The government has announced that from July patients discharged from hospitals will be digitally referred to their local pharmacy teams for healthcare support and medicines management.

The NHS Discharge Medicines Service (DMC) will help patients get the maximum benefits from new medicines by giving them the opportunity to ask questions to pharmacists and ensuring any concerns are identified as early as possible.

This is part of the Health Secretary’s vision of a ‘Pharmacy First’ approach to ease wider pressures on A&Es and General Practice.

Details of remuneration for pharmacy have not be made public although it has been said that the DMS is part of a raft of measures being rolled out in the second year of the five-year Community Pharmacy Contractual Framework, agreed in July 2019 between the NHS and the Pharmaceutical Services Negotiating Committee (PSNC).

Secretary of State for Health and Social Care Matt Hancock said: “I want all patients to get the right care close to home, and to avoid any unnecessary visits to hospital. To help do that I’ve begun the Pharmacy First programme, asking pharmacies to do more to support people in the community, as they do in other countries like France. It’s good for patients and great for the NHS because it reduces pressure on GPs and hospitals.
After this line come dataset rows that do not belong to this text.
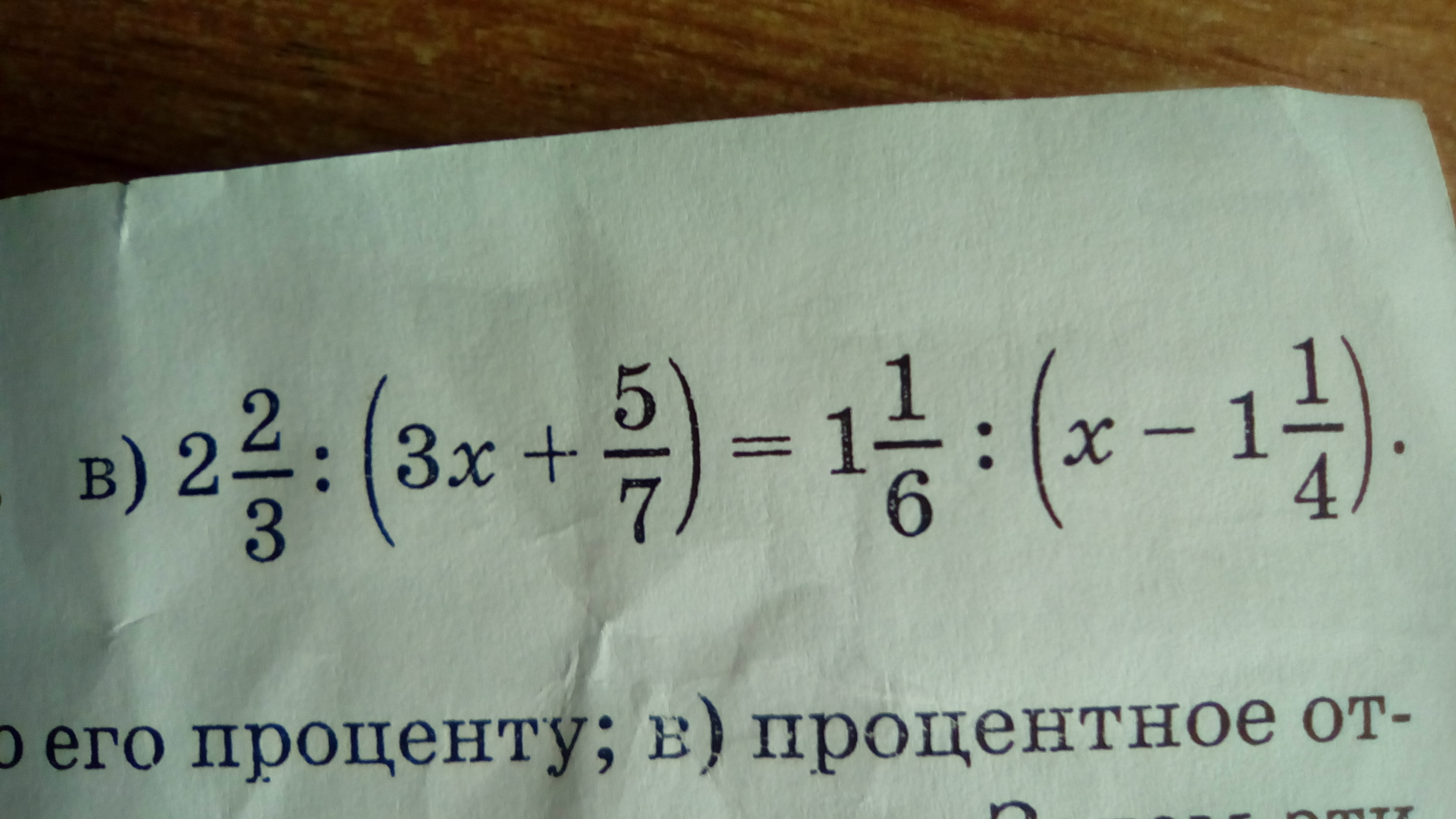 2 2/3 : (3х+5/7)=1 1/6 : (х-1 1/4) это записана пропорция,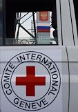 Автомобиль Красного Креста, который сопровождает колонну автомобилей "КамАЗ" с гуманитарной помощью для жителей юго-востока Украины.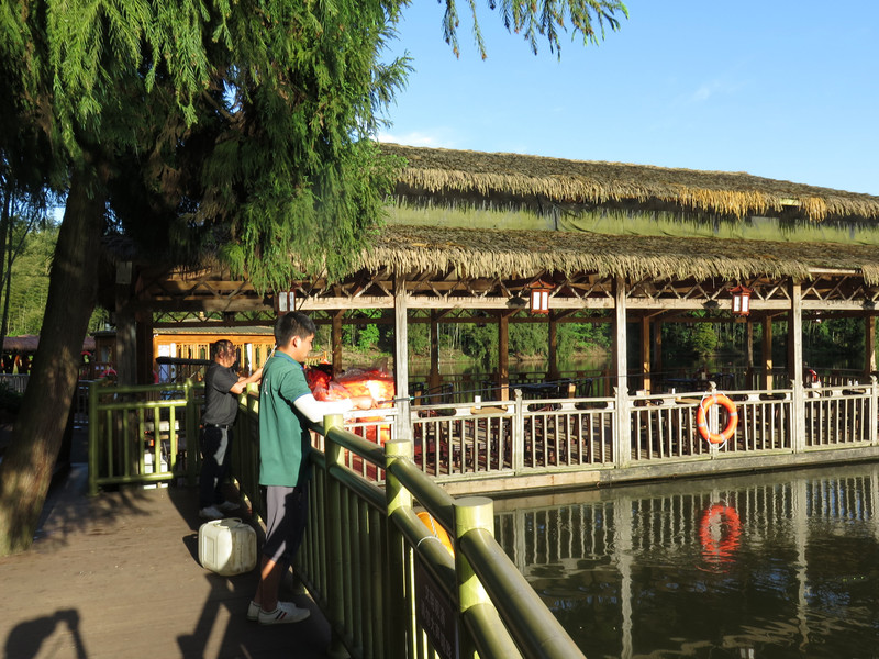 幸亏将午、晚餐的菜单拍照,否则记不住菜名。这些菜都属于景区的“全竹宴”,“全竹宴”共计有100多个菜品,每一道菜都跟“竹”有直接或间接的联系。以竹笋、竹荪蛋、竹荪、竹菌、竹海腊肉、竹筒豆花、竹筒饭、竹荪酒、竹泡菜等“竹”菜汇成,又被称为“熊猫宴席”。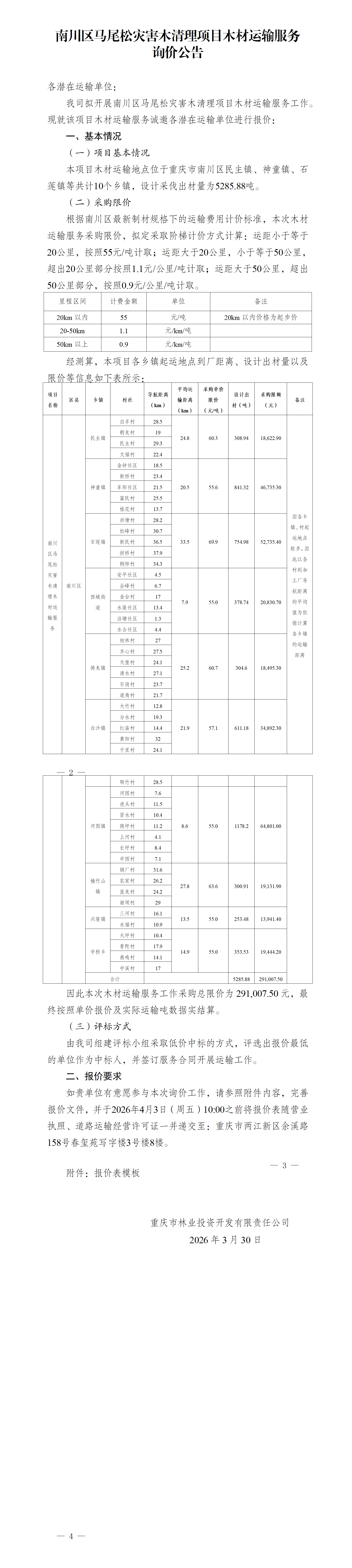 南川区马尾松灾害木清理项目木材运输服务询价公告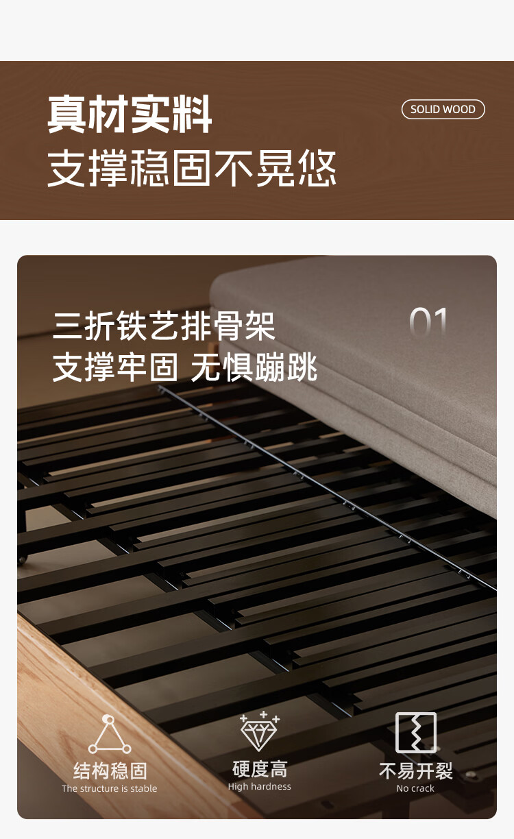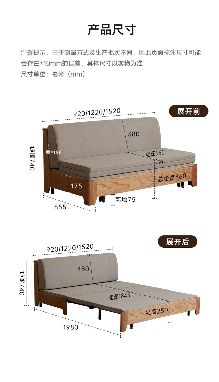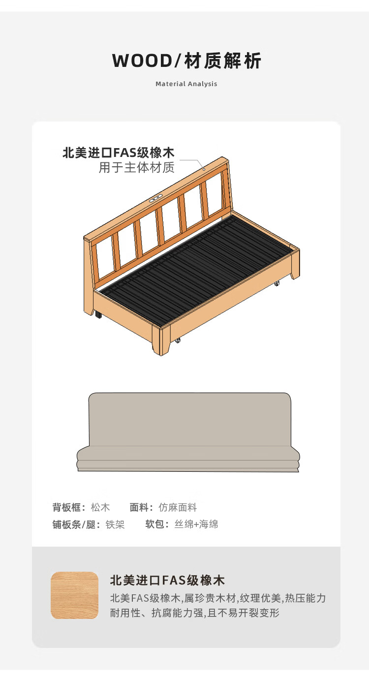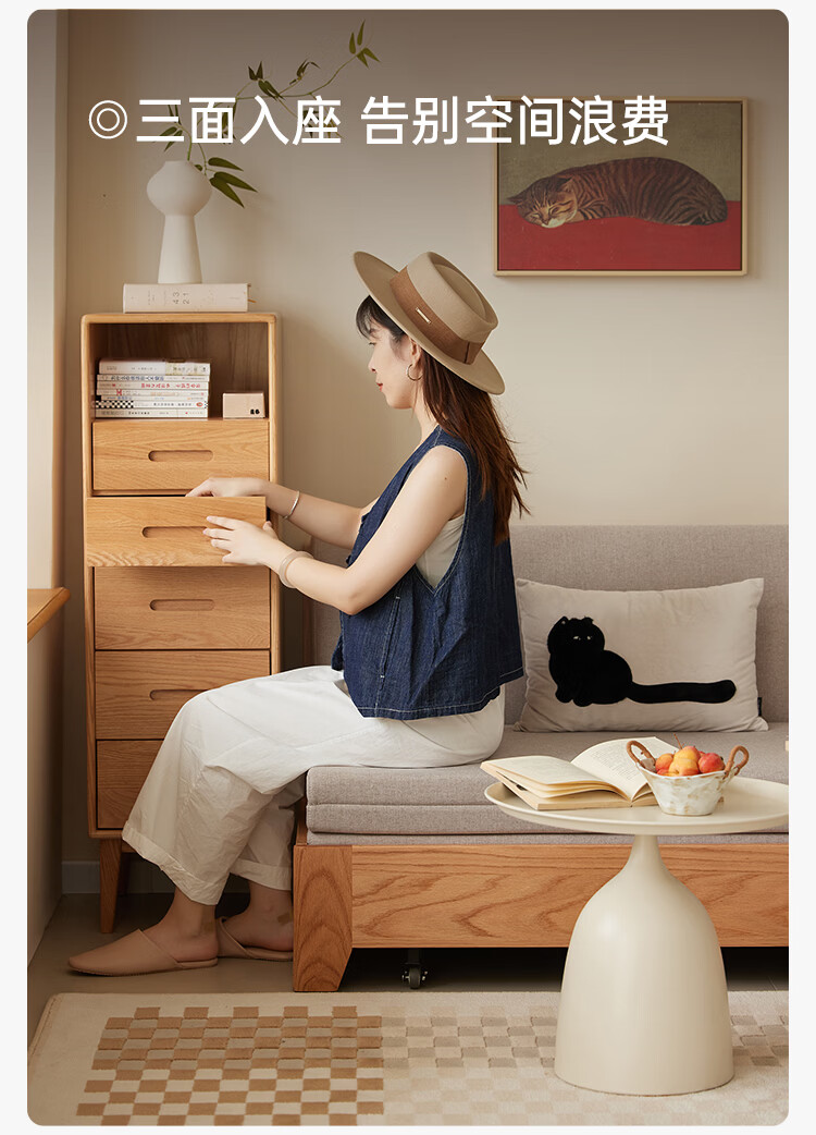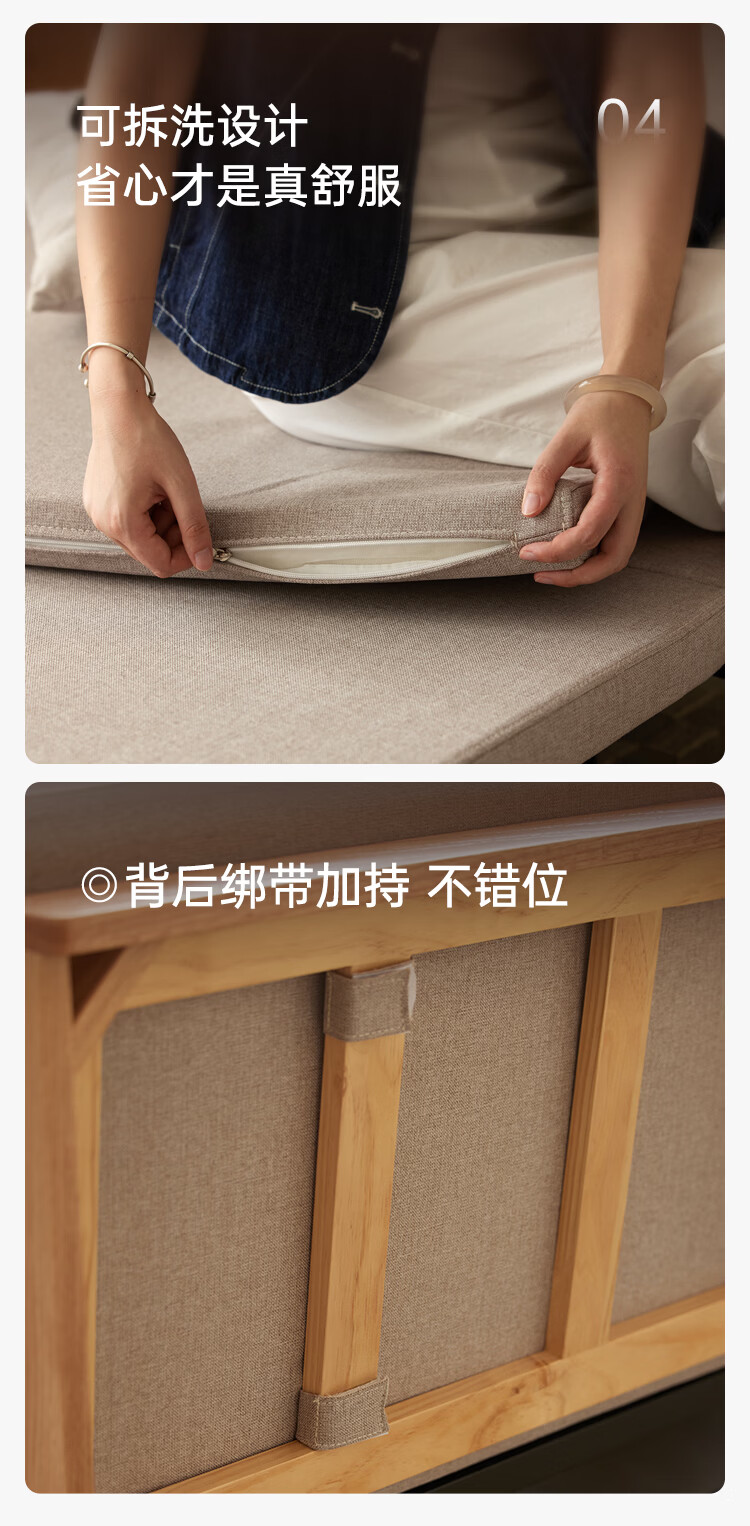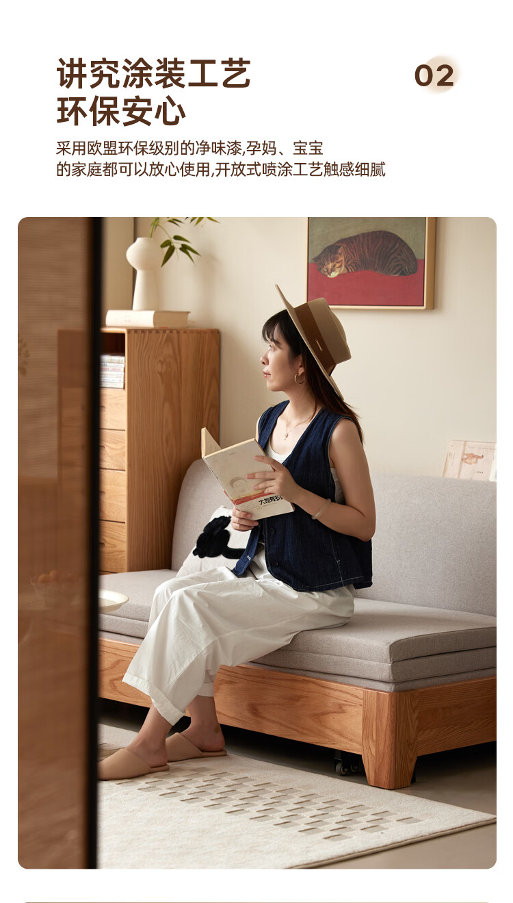 Original element modern simple solid wood sofa bed small apartment multi-functional folding 1.2m light beige N1067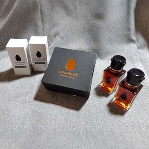出来上がったごま油は、国産の品質の高い希少な黒ごまを使い、一番搾りにこだわって精油した最高級品とも言える。そこで、「sesame oil ~Premium Black~(セサミオイル プレミアムブラック)」と名づけた。展示会などで様々な商品を熟知している商社のバイヤー達に試食してもらうと想像以上に驚かれた。中には悲鳴を上げて絶賛する人もいた。いままでのごま油の概念をくつがえす、まさにプレミアムな香り、コク、甘味、のどごし。多くの人が、驚きとともにこのごま油を気に入ってくれた。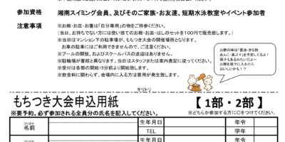 湘南台校からのお知らせ ホーム » 湘南スイミングスクール湘南台校 » 湘南台校からのお知らせ ワンコイン体験会のお知らせ♪ 2026年1月13日 餅つき大会のお知らせ 2026年1月4日 ★★冬の子育て応援キャンペーン★★(ベビークラス) 2025年10月27日 【ご案内】スクールバスの運行に関して 2025年2月4日 【ご案内】駐車場の場所に関して 2024年10月4日 【ご案内】団体利用に関して 2024年10月4日 【お願い】ロッカーの利用に関して 2023年5月7日 【お願い】施設の利用に関して 2023年3月14日 料金・入会案内 こどもクラスのご紹介 おとなクラスのご紹介 Web入会・体験の予約 年間スケジュール 施設紹介 駐車場のご案内 バス路線案内 会員ギャラリー 会員専用ネットサービス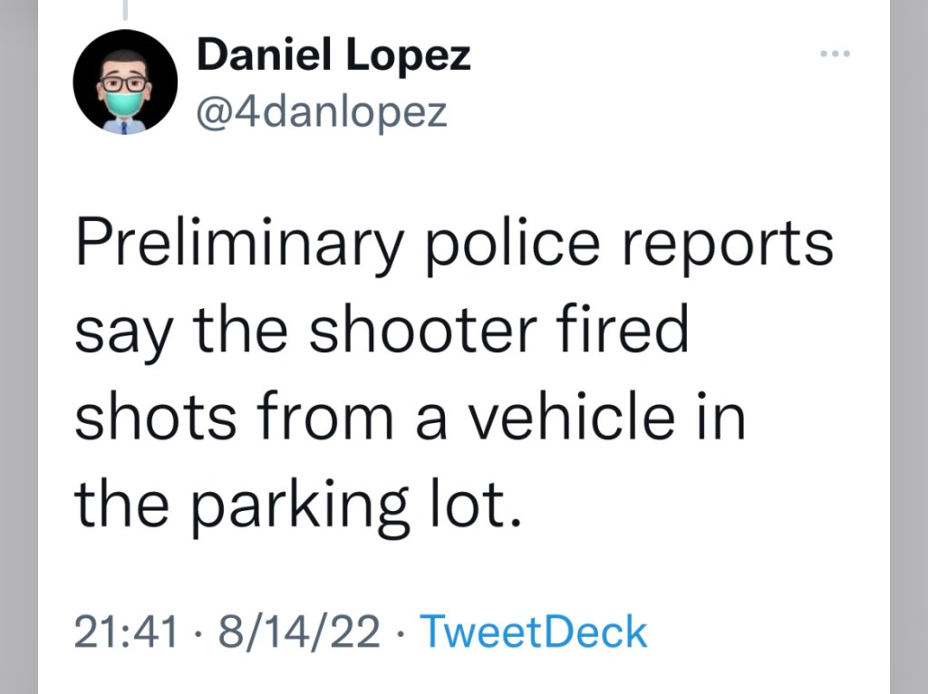 Preliminary police reports say the shooter fired shots from a vehicle in the parking lot.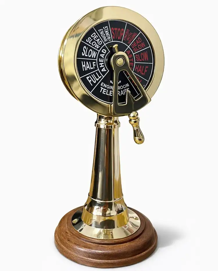 PİRİNÇ MAKİNA TELGRAFIÜrün ÖzellikleriPirinç Makina Telgrafı, denizcilik tarihinin en ikonik iletişim araçlarından birini ev ve ofis dekorasyonunuza taşıyan, el işçiliği detaylarıyla zenginleştirilmiş prestijli bir aksesuardır. 23x9 cm boyutlarındaki bu özel tasarım, gemi kaptan köşkünden makine dairesine komut göndermek için kullanılan orijinal telgrafların estetik bir minyatür formudur. Pirinç görünümlü kaliteli malzeme kullanılarak üretilen gövdesi, antik gold ışıltısıyla bulunduğu ortama nostaljik ve asil bir hava katar. Ürünün altında yer alan dairesel ahşap stand, parlak metalik yüzey ile doğal dokunun kusursuz uyumunu sunarken ürünün dengeli ve şık bir şekilde sergilenmesini sağlar. Kadran üzerindeki net komut yazıları ve hareketli kol mekanizması, ürünün otantik karakterini güçlendirerek gerçekçi bir deneyim sunar. Bu dekoratif makine telgrafı, marin temalı mekanlar, çalışma odaları veya kütüphaneler için eşsiz bir tamamlayıcıdır. Hem deniz tutkunları hem de antika meraklıları için unutulmaz bir hediyelik eşya seçeneği olan bu biblo, geleneksel denizcilik estetiğini kaliteli işçilikle birleştirir. Bulunduğu her ortamda dikkat çekici bir odak noktası oluşturan bu pirinç dekor objesi, kaliteden ödün vermeyenler için tasarlanmıştır.Ürün Teknik ÖzellikleriÖzellikAçıklamaÜrün AdıPirinç Makina TelgrafıBoyut23x9 cmMalzemePirinç Görünümlü Kaliteli Metal ve Ahşap KaideTasarımGeleneksel Gemi Makine Telgrafı FormuRenkParlak Pirinç / Antik Gold ve KahverengiStilMarin / Vintage / Klasik DekorasyonKullanım AlanıOfis, Çalışma Odası, Vitrin, KoleksiyonPaket İçeriği1 Adet Pirinç Makina Telgrafı

Secretary of State for Health and Social Care, Matt Hancock, is a strong proponent of French model of pharmacy. (Photo by JUSTIN TALLIS/AFP via Getty Images)

“These new services will help strengthen what community pharmacists can do, helping interrelation with General Practice and hospitals, and help them deliver safer, more efficient patient care right across the NHS.

“This new contract bolsters the enhanced role highly-skilled pharmacists are playing in preventing ill health and helping us to stay well in our communities.”

A recent audit of NHS hospital discharges showed that 79 per cent of patients were prescribed at least one new medication after being sent home.

New prescriptions can sometimes cause side effects, or interact with existing treatments, potentially leading to readmission.

Previous local schemes around the country have demonstrated that patients who see their local pharmacy teams after they’ve been in hospital are less likely to be readmitted and will experience a shorter stay if they are.

Bruce Warner, NHS England deputy chief pharmaceutical officer, said the new Discharge Medicines Service will “make even better use of the valuable and extensive clinical skills of community pharmacists so that people can ‘walk in’ and get the health advice and help they need, providing an excellent foundation on which we can build for the future.”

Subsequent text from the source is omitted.